> [YOUR ASSIGNMENT] Type out each record word for word. Pictures stay out.
EXERCISE MATERIALS section start
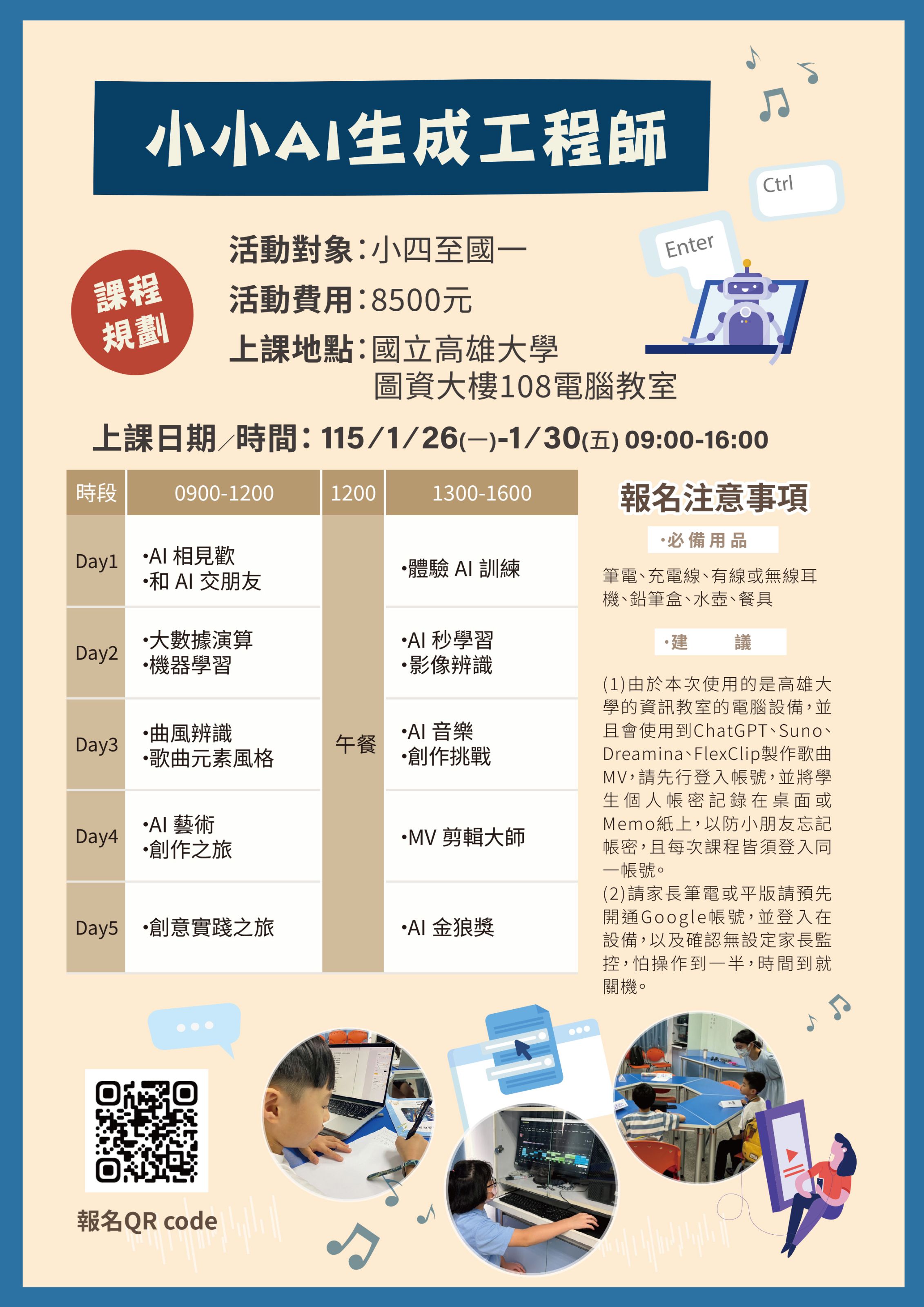 ►課程中將拍攝活動照片、影片,報名成功即同意本校將活動照片或影片作為招生及教育推廣之用。
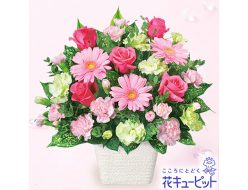 キュートなピンク色のアレンジメント!女性にぴったりの華やかな一品です。
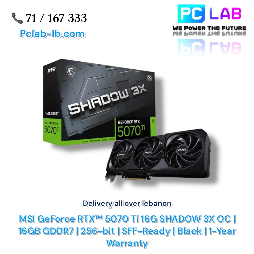 MSI GeForce RTX™ 5070 Ti 16G SHADOW 3X OC | 16GB GDDR7 | 256-bit | SFF-Ready | Black | 1-Year Warranty
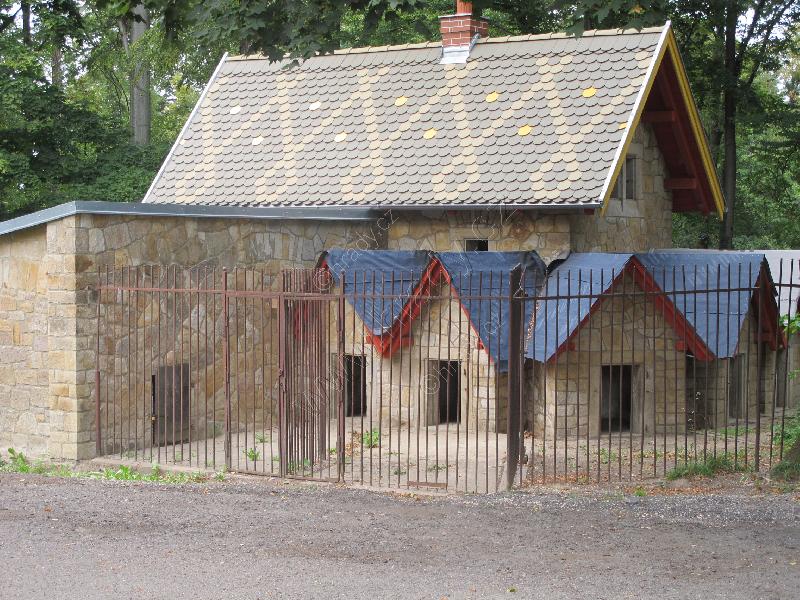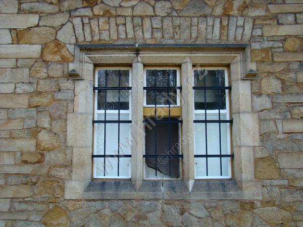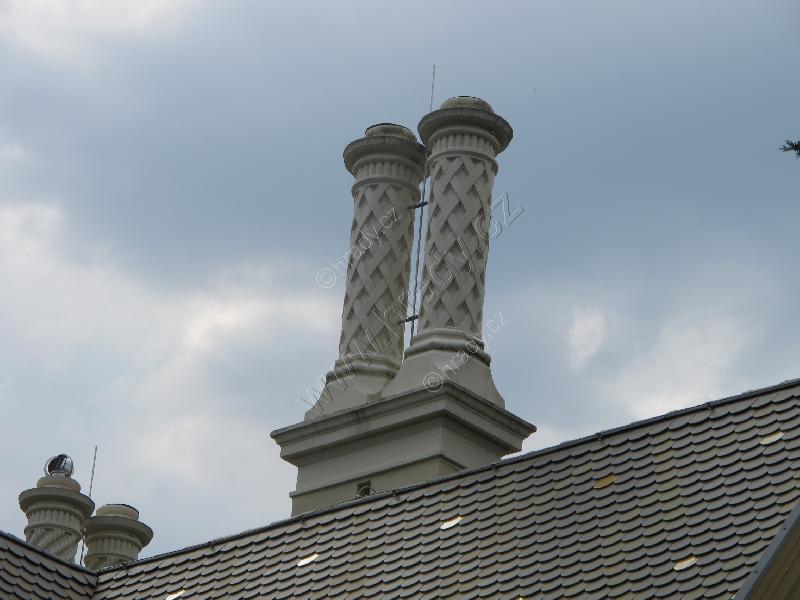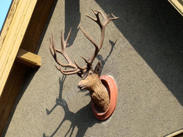 Detail plastiky jelena umístěného ve štítě zámečku.
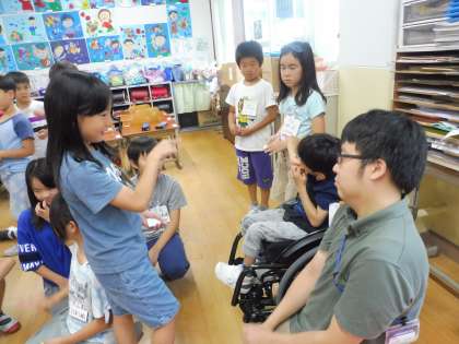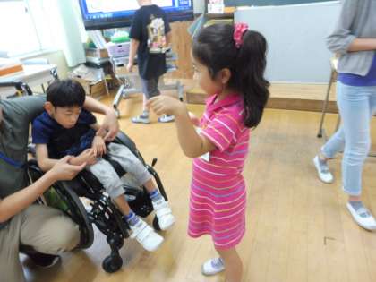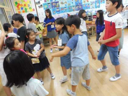 1−3の教室では,「無言ゲーム」をしました。配られたカードにかかれた果物を無言で伝え合って仲間を探します。1年生は,果物の形を指であらわしながら,同じカードの人を探していました♪
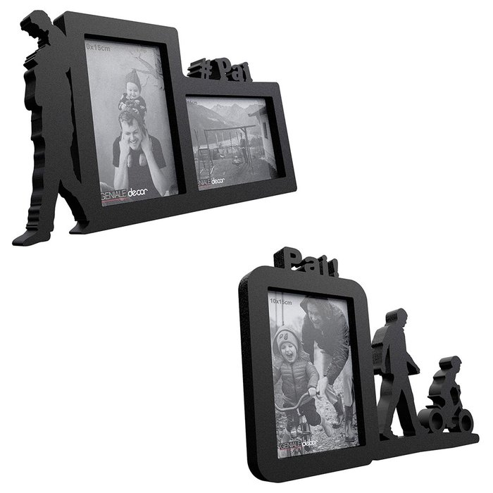 2 Porta Retrato Lembrança Para Papais Pai Ensinando Filho:Preto
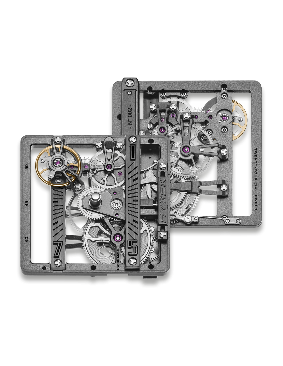 The design of each wheel required for this exceptional movement to operate features three double spokes, providing perfect technical and aesthetic balance – as well as being a recurring style signature for Hysek.
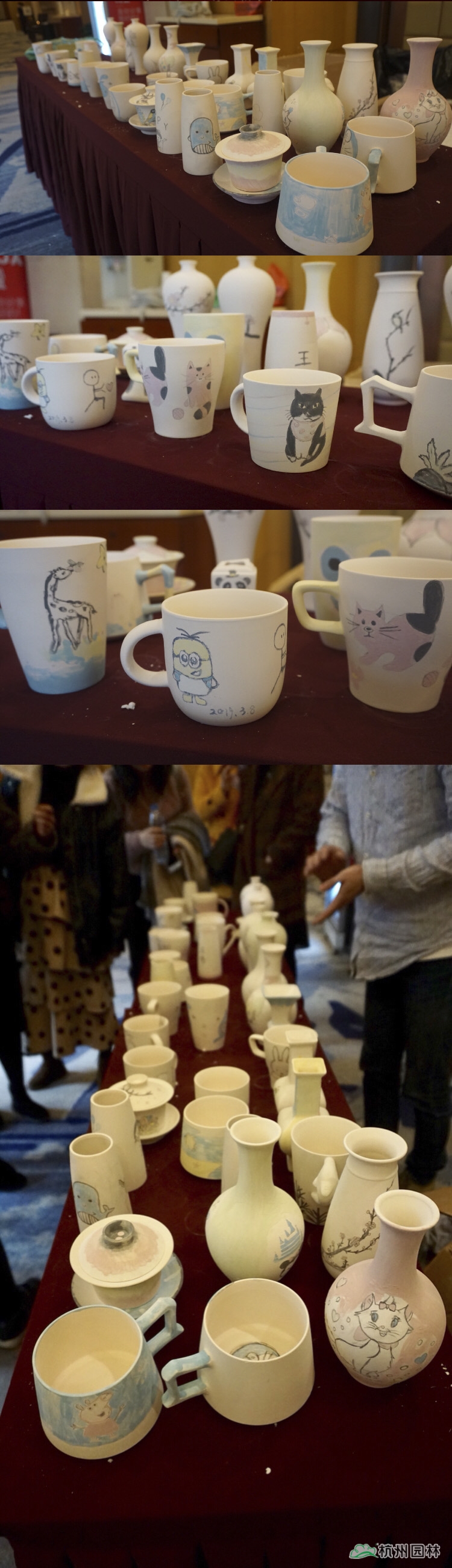 說起陶藝,大家想到的肯定是雙手扶著轉盤上的陶泥,捏出形態(tài)各異作品的場景,但今天我們玩點不一樣的。素胚固然清爽,但少了色彩的點綴,總會覺得好像黑白電影略顯枯燥。是的,這次我們將畫紙搬到了這些瓶瓶罐罐之上。認真的女人真的很美,一幅幅生動的畫作在短短的一個多小時的時間里展現(xiàn)在了大家的眼前。有山水,有動物,有卡通畫,有說要送給家中寶寶的,也有說這代表了我們一家三口的。拿起畫筆的小仙女們,不再是那些個日常辦公室里的形象了,她們在今天,把自己的可愛、風趣、溫婉、隨性等等面貌展現(xiàn)得淋漓盡致。
EXERCISE MATERIALS section end
> [RESPONSE TO THE TASK]
 ►課程中將拍攝活動照片、影片,報名成功即同意本校將活動照片或影片作為招生及教育推廣之用。
 キュートなピンク色のアレンジメント!女性にぴったりの華やかな一品です。
 MSI GeForce RTX™ 5070 Ti 16G SHADOW 3X OC | 16GB GDDR7 | 256-bit | SFF-Ready | Black | 1-Year Warranty
 Detail plastiky jelena umístěného ve štítě zámečku.
 1−3の教室では,「無言ゲーム」をしました。配られたカードにかかれた果物を無言で伝え合って仲間を探します。1年生は,果物の形を指であらわしながら,同じカードの人を探していました♪
 2 Porta Retrato Lembrança Para Papais Pai Ensinando Filho:Preto
 The design of each wheel required for this exceptional movement to operate features three double spokes, providing perfect technical and aesthetic balance – as well as being a recurring style signature for Hysek.
 說起陶藝,大家想到的肯定是雙手扶著轉盤上的陶泥,捏出形態(tài)各異作品的場景,但今天我們玩點不一樣的。素胚固然清爽,但少了色彩的點綴,總會覺得好像黑白電影略顯枯燥。是的,這次我們將畫紙搬到了這些瓶瓶罐罐之上。認真的女人真的很美,一幅幅生動的畫作在短短的一個多小時的時間里展現(xiàn)在了大家的眼前。有山水,有動物,有卡通畫,有說要送給家中寶寶的,也有說這代表了我們一家三口的。拿起畫筆的小仙女們,不再是那些個日常辦公室里的形象了,她們在今天,把自己的可愛、風趣、溫婉、隨性等等面貌展現(xiàn)得淋漓盡致。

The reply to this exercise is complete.